■ Material supplied:
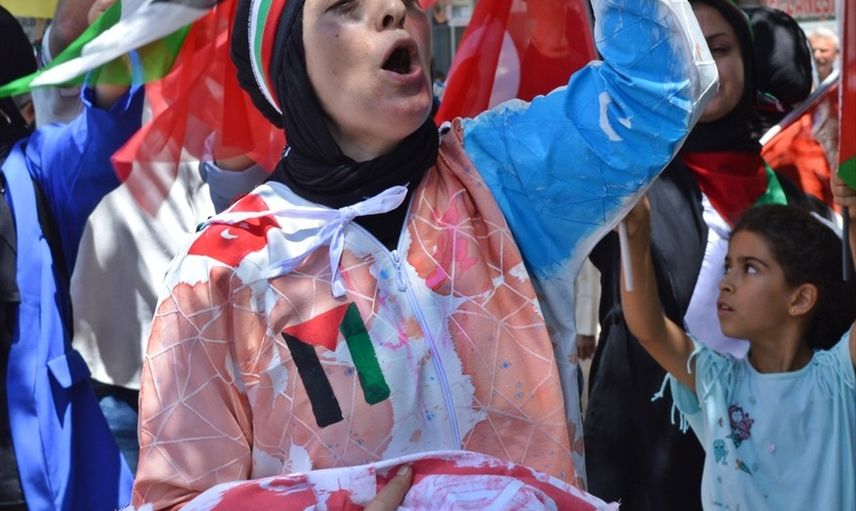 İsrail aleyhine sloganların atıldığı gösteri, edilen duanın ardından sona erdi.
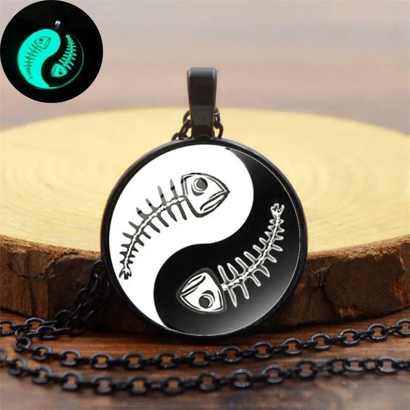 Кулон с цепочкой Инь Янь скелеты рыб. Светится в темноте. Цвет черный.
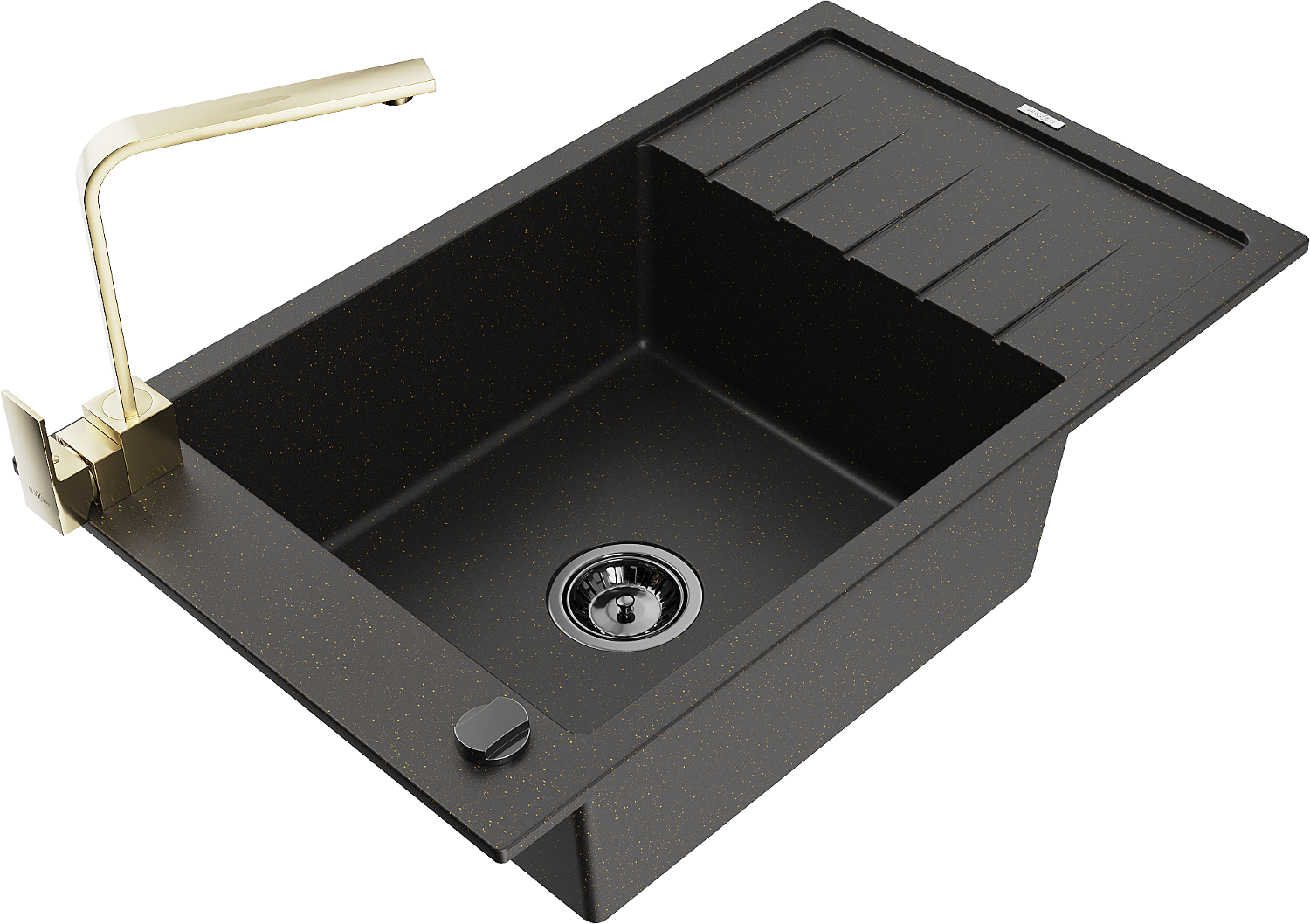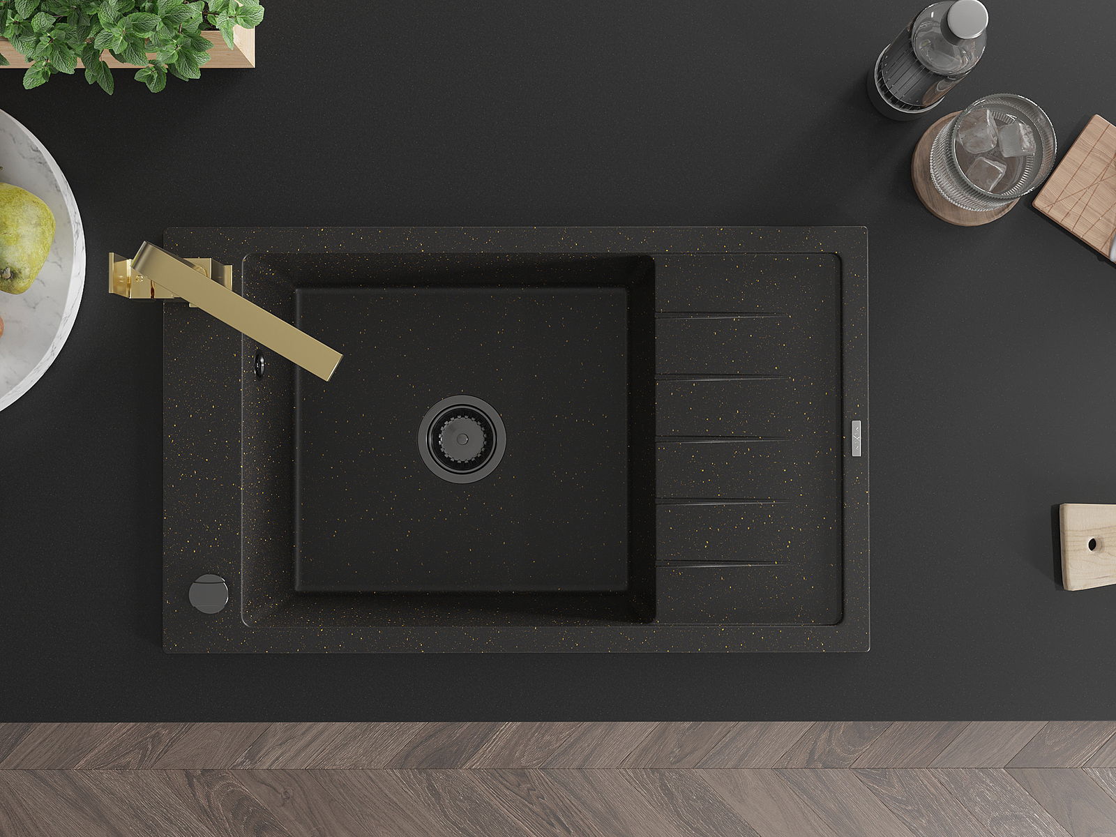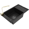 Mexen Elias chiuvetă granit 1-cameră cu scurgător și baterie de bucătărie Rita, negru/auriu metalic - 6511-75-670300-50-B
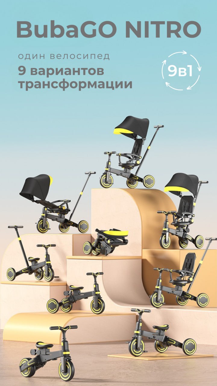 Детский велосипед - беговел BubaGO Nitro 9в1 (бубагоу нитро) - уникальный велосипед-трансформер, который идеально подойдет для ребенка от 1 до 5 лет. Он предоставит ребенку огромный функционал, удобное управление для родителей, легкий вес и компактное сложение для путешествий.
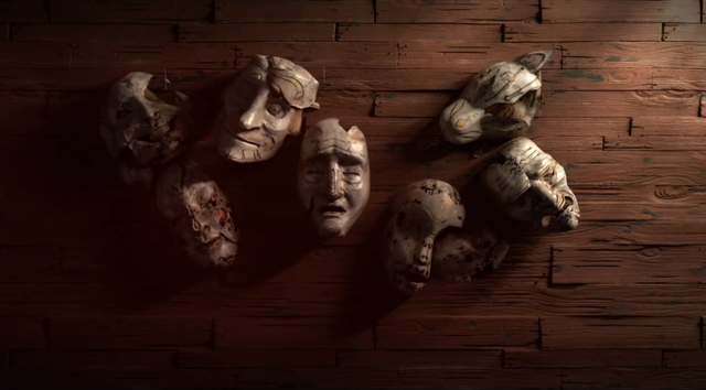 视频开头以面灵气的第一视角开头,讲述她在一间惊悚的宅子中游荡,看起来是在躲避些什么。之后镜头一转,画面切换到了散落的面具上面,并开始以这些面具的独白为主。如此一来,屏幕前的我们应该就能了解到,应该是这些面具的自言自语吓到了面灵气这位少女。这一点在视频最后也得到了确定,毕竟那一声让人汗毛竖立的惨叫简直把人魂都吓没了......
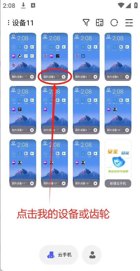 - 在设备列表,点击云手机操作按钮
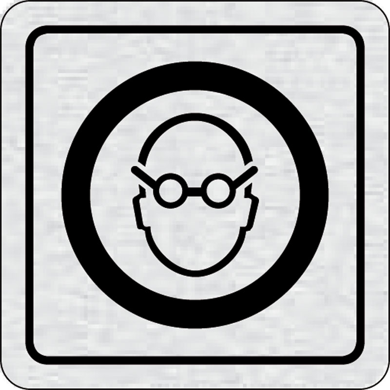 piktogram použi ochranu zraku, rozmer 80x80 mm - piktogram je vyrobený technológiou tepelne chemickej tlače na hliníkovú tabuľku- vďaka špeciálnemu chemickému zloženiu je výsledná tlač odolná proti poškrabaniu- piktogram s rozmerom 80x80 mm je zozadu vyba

■ What is being asked:
Retype the listing exactly. Skip every picture.

■ Result of the exercise:
 İsrail aleyhine sloganların atıldığı gösteri, edilen duanın ardından sona erdi.
 Кулон с цепочкой Инь Янь скелеты рыб. Светится в темноте. Цвет черный.
 Mexen Elias chiuvetă granit 1-cameră cu scurgător și baterie de bucătărie Rita, negru/auriu metalic - 6511-75-670300-50-B
 Детский велосипед - беговел BubaGO Nitro 9в1 (бубагоу нитро) - уникальный велосипед-трансформер, который идеально подойдет для ребенка от 1 до 5 лет. Он предоставит ребенку огромный функционал, удобное управление для родителей, легкий вес и компактное сложение для путешествий.
 视频开头以面灵气的第一视角开头,讲述她在一间惊悚的宅子中游荡,看起来是在躲避些什么。之后镜头一转,画面切换到了散落的面具上面,并开始以这些面具的独白为主。如此一来,屏幕前的我们应该就能了解到,应该是这些面具的自言自语吓到了面灵气这位少女。这一点在视频最后也得到了确定,毕竟那一声让人汗毛竖立的惨叫简直把人魂都吓没了......
 - 在设备列表,点击云手机操作按钮
 piktogram použi ochranu zraku, rozmer 80x80 mm - piktogram je vyrobený technológiou tepelne chemickej tlače na hliníkovú tabuľku- vďaka špeciálnemu chemickému zloženiu je výsledná tlač odolná proti poškrabaniu- piktogram s rozmerom 80x80 mm je zozadu vyba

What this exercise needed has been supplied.